花了一些时间……但我最终弄明白了，得到了一个脚本，它可以很好地识别图像是否损坏，然后使用感知散列尝试将相似的图像组合在一起。

from PIL import Image, ImageFile
import os, sys, imagehash, pyexiv2, rawpy, re
from tempfile import NamedTemporaryFile
from subprocess import Popen, PIPE
import shlex
import numpy as np
from scipy.cluster.hierarchy import dendrogram, fcluster
from scipy.spatial.distance import squareform
import fastcluster
#import matplotlib.pyplot as plt
import math
import string
from wand.image import Image as wImage
import wand.exceptions
from io import BytesIO
from datetime import datetime
#import fd_table_status

def redirect_stdout():
    print("Redirecting stdout and stderr")
    sys.stdout.flush() # <--- important when redirecting to files
    sys.stderr.flush()
    newstdout = os.dup(1)
    newstderr = os.dup(2)
    devnull = os.open(os.devnull, os.O_WRONLY)
    devnull2 = os.open(os.devnull, os.O_WRONLY)
    os.dup2(devnull, 1)
    os.dup2(devnull2,2)
    os.close(devnull)
    os.close(devnull2)
    sys.stdout = os.fdopen(newstdout, 'w')
    sys.stderr = os.fdopen(newstderr, 'w')

redirect_stdout()

def ct(linkage_matrix,flist,score):
    cluster_id = []
    for fidx, file_ in enumerate(flist):
        link_ = np.where(linkage_matrix[:,:2] == fidx)[0]
        if len(link_) == 1:
            link = link_[0]
            if linkage_matrix[link][2] <= score:
                fcluster_idx = str(link).zfill(len(str(len(linkage_matrix))))
                while True:
                    match = np.where(linkage_matrix[:,:2] == link+1+len(linkage_matrix))[0]
                    if len(match) == 1:
                        link = match[0]
                        link_d = linkage_matrix[link]
                        if link_d[2] <= score:
                            fcluster_idx = str(match[0]).zfill(len(str(len(linkage_matrix)))) + fcluster_idx
                        else:
                            break
                    else:
                        break
            else:
                fcluster_idx = None

            cluster_id.append(fcluster_idx)

    return cluster_id

def get_exitcode_stdout_stderr(cmd):
    """
    Execute the external command and get its exitcode, stdout and stderr.
    """
    args = shlex.split(cmd)

    proc = Popen(args, stdout=PIPE, stderr=PIPE, close_fds=True)
    out, err = proc.communicate()
    exitcode = proc.returncode

    del proc

    return exitcode, out, err

if os.path.isdir(sys.argv[1]):
    start_time = datetime.now()
    # allow PIL to load truncated images (so that perceptual hashes can be created for truncated/damaged images still)
    ImageFile.LOAD_TRUNCATED_IMAGES = True

    # image files this script will handle
    # PIL supported image formats
    stdimageext = ('.jpg','.jpeg', '.bmp', '.png', '.gif', '.tif', '.tiff')
    # libraw/ufraw supported formats
    rawimageext = ('.nef', '.dng', '.tif', '.tiff')
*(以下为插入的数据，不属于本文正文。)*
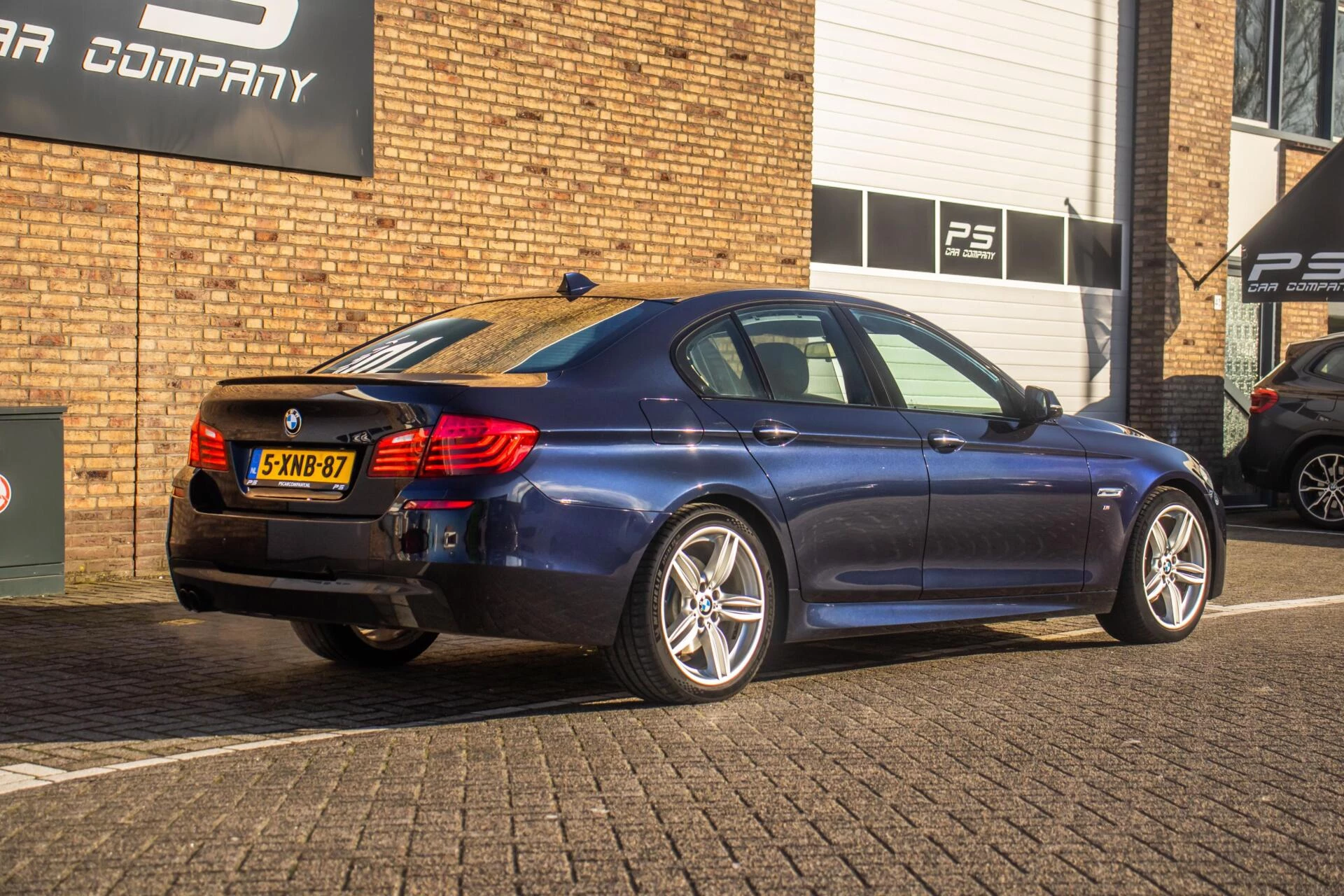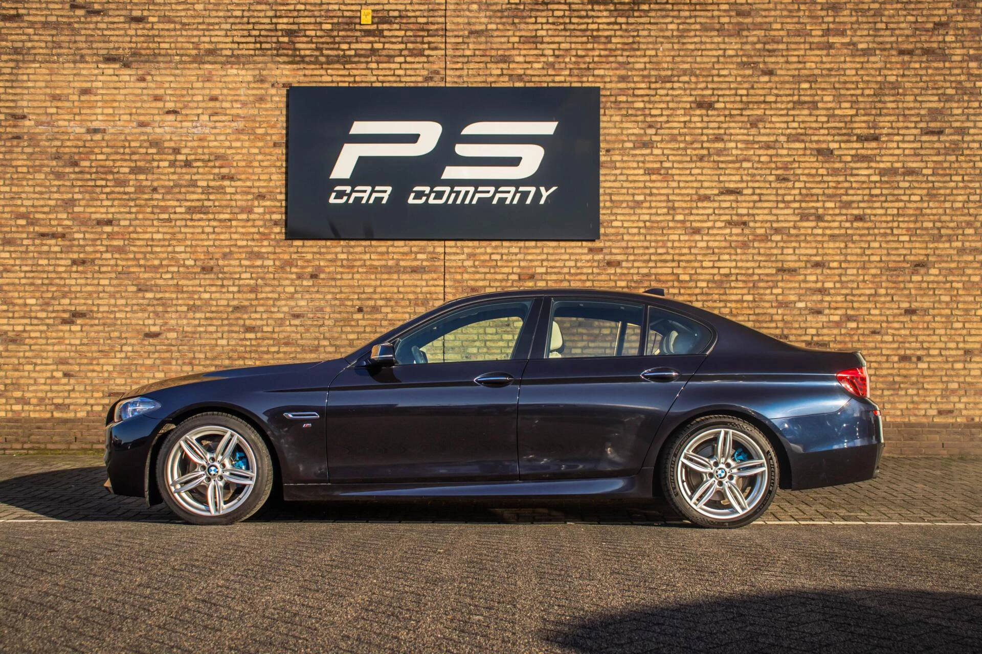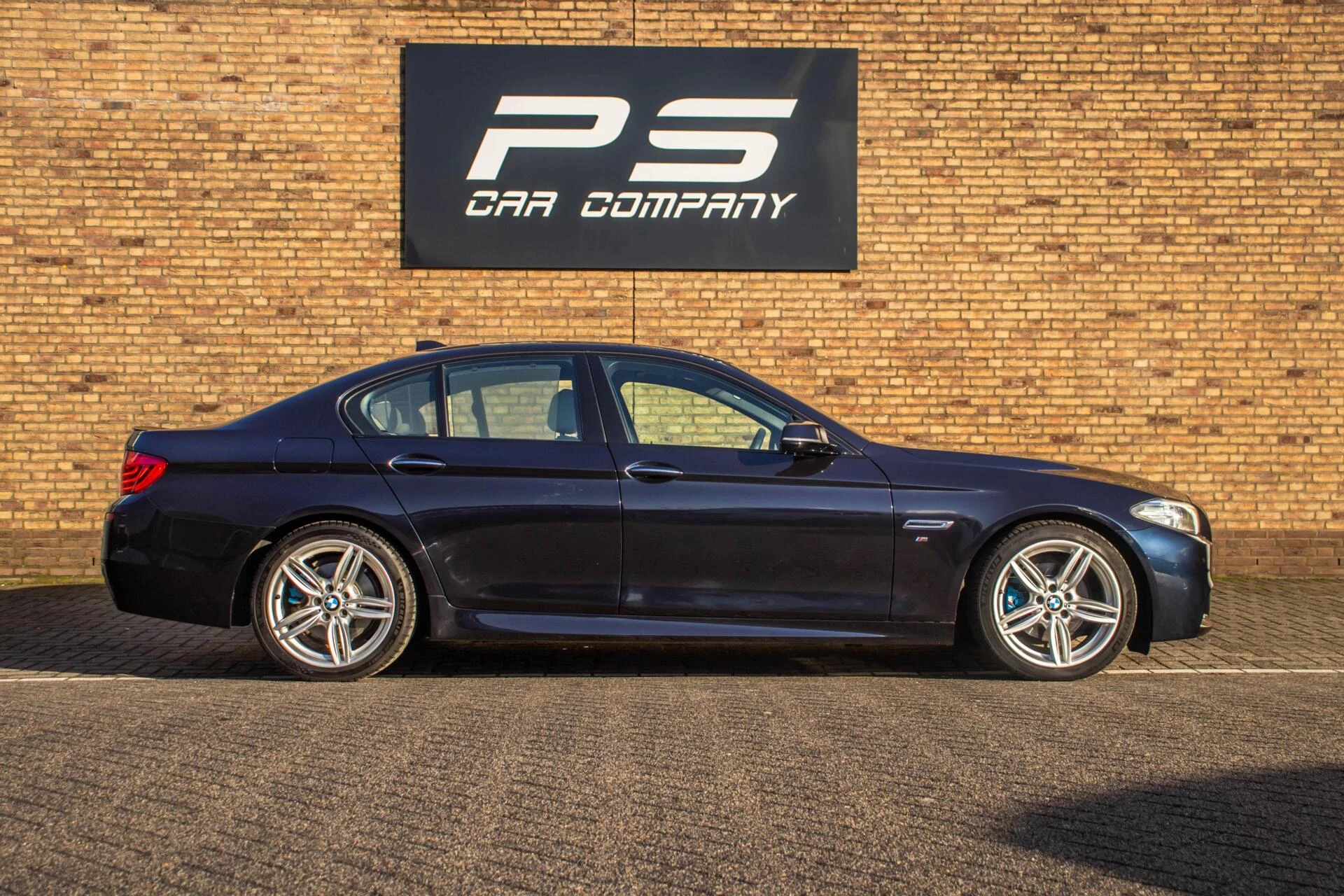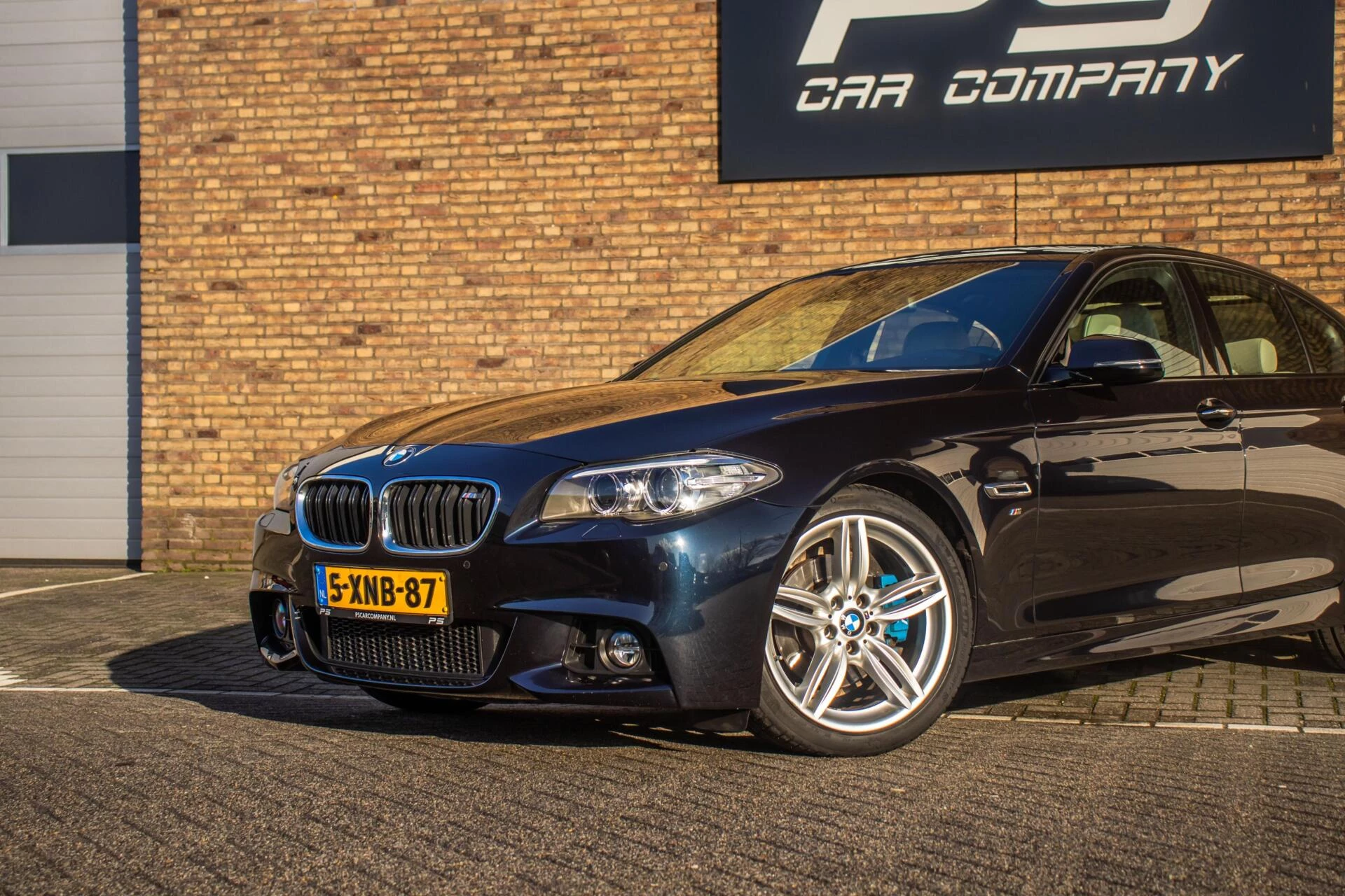 De carrosserie is uitgevoerd in Carbon Black metallic, een diepe en luxe kleur die perfect past bij het dynamische lijnenspel van de 5-serie. De 19 inch lichtmetalen velgen en de blauwe remklauwen geven de auto een uitgesproken sportieve uitstraling zonder dat het geheel zijn chique karakter verliest. De strakke lijnen en lage houding maken deze BMW tot een opvallende verschijning op de weg.

    corruptRegex = re.compile(r'_\[.+\]\..{3,4}$')
    groupRegex = re.compile(r'^\[\d+\]_')
    ufrawRegex = re.compile(r'Corrupt data near|Unexpected end of file|has the wrong dimensions!|Cannot open file|Cannot decode file|requests a nonexistent image!')

    for subdirs,dirs,files in os.walk(sys.argv[1]):
        files.clear()
        dirs.clear()
        for root,_,files in os.walk(subdirs):
            print('\n******** Processing files in ' + root)
            hashes = []
            w_hash = []
            w_hash_idx = []
            filelist = []
            files_ = []
            cnt = 0
            for f in files:
                #cnt = cnt + 1
                #if cnt < 10:
                files_.append(f)
                continue
            cnt = 0

            for f_idx, fname in enumerate(files_):
                e=None
                ext = os.path.splitext(fname.lower())[1]
                filepath = os.path.join(root, fname)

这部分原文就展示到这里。